Набычившись, Миролюб исподлобья глядел на отца. Между ними и раньше были споры, но впервые он высказал все, что думал об отцовской вере, впервые открыто упрекнул старика в трусости. Сжимая кулаки, Антип постарался высвободиться из цепких объятий Полевы:
– Я многое повидал на своем веку, мальчик! Я повоевал, и никто не может называть меня трусом, но только к старости я понял, как ошибался. Одумайся, сын, не повторяй моих ошибок!

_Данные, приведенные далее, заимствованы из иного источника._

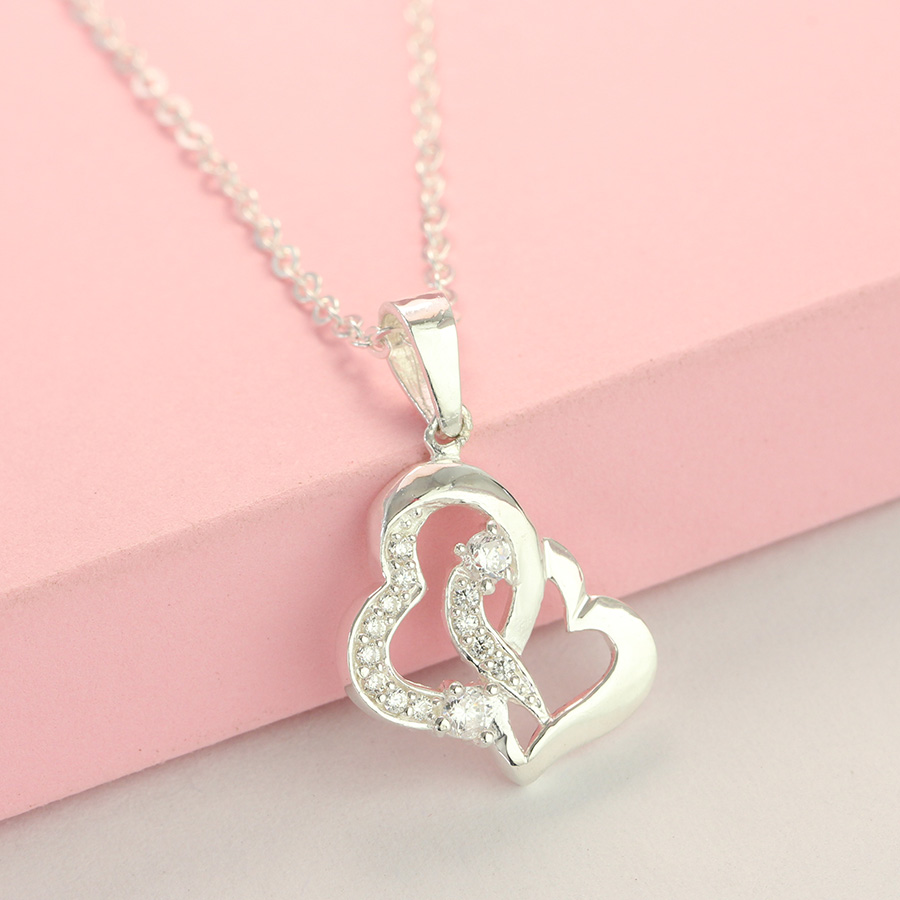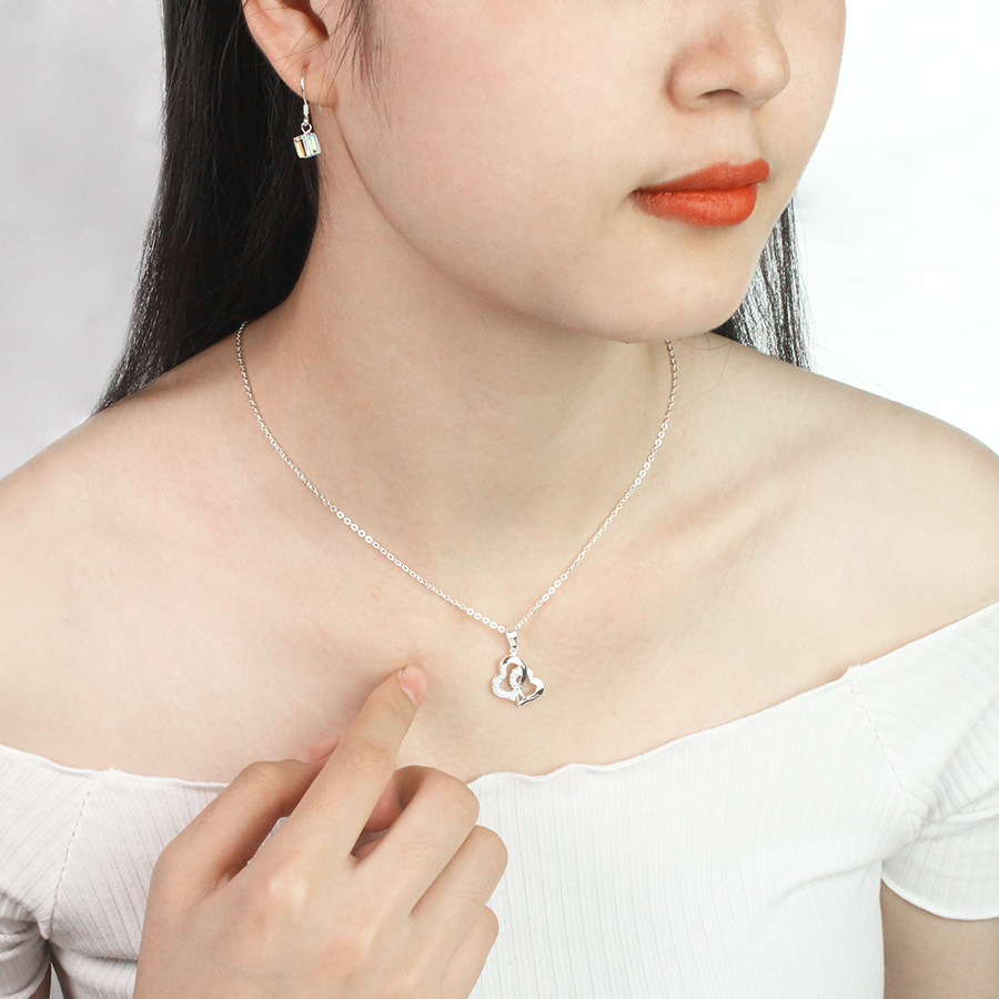 Mẫu dây chuyền, vòng cổ bạc nữ cao cấp đính đá hình trái tim đôi được thiết kế cách điệu cực HOT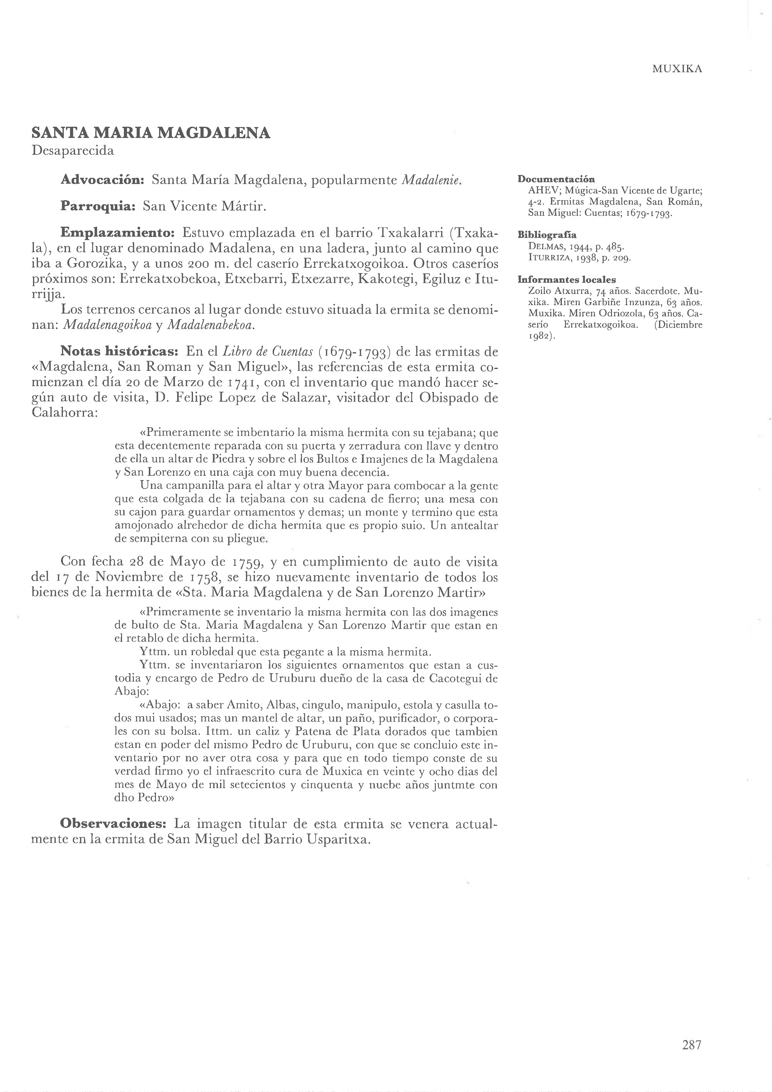 Muxika - Santa María Magdalena - Txakalarri ( Desaparecida )

– Хватит! – Миролюб стукнул по столу кулаком. Расписная чашка подпрыгнула и, глухо постукивая резными краями, покатилась к краю стола. Полева едва успела подхватить ее – чтоб не разбилась. Занятая чашкой, она не видела, как Миролюб ушел, только услышала стук захлопнувшейся за ним двери и тяжелый, провожающий его стон. Не понимая, откуда доносится воющий звук, она вскинула глаза. Скорчившись, словно в коликах, Антип сидел на лавке и, сдавливая ладонями седую голову, тихо стонал.
– Что ты? Что ты? – Бросившись к нему, Полева зацепилась подолом за край стола, но, не обращая внимания на треск рвущейся ткани, обняла старика: – Он одумается! Одумается…
Антип поднял на нее покрасневшие от слез глаза:
– Нет. Он похож на свою мать. А она была очень упряма…
– Глупости! – Догадавшись, что делать, Полева вскочила и, на ходу набрасывая платок, кинулась к двери: – Я его уговорю! Верну!
Осенний тревожный ветер быстро пробрался под ее одежду, заставил ускорить шаг. Встречных было немного, и, не зная никого из них, Полева побоялась расспрашивать о Миролюбе. Озираясь и заглядывая во все дворы, она отправилась к высящимся над рекой стенам городища. Какое-то чутье тянуло ее туда. Повернув за угол последней избы, она увидела большую толпу.
– А Владимир как рубанул! – донесся оттуда хвастливый мужской голос. – И хоть верьте, хоть нет – одним ударом троих свалил!
Полева протолкалась сквозь ватажку внимающих хвастуну горожан и в самой ее середине увидела раскрасневшегося от собственной значимости парня в островерхой красной шапке. Гонец, сообразила она, растерянно оглядывая незнакомые лица теснящихся возле рассказчика мужиков. Миролюба среди них не было. Она уже начала было проталкиваться назад, как гонец заговорил о Рогнеде.
– Ее тамошний знахарь спрятал, – полушепотом, будто открывая страшную тайну, поверял он. – Добрыня его спрашивал, спрашивал, а правды так и не узнал. Совсем расстроился, а потом невесть откуда явился тот самый зеленоглазый, что давеча у нас в городище с Альбом подрался. «Я, – говорит, – княжну сыщу. Я колдун». И представьте – сыскал!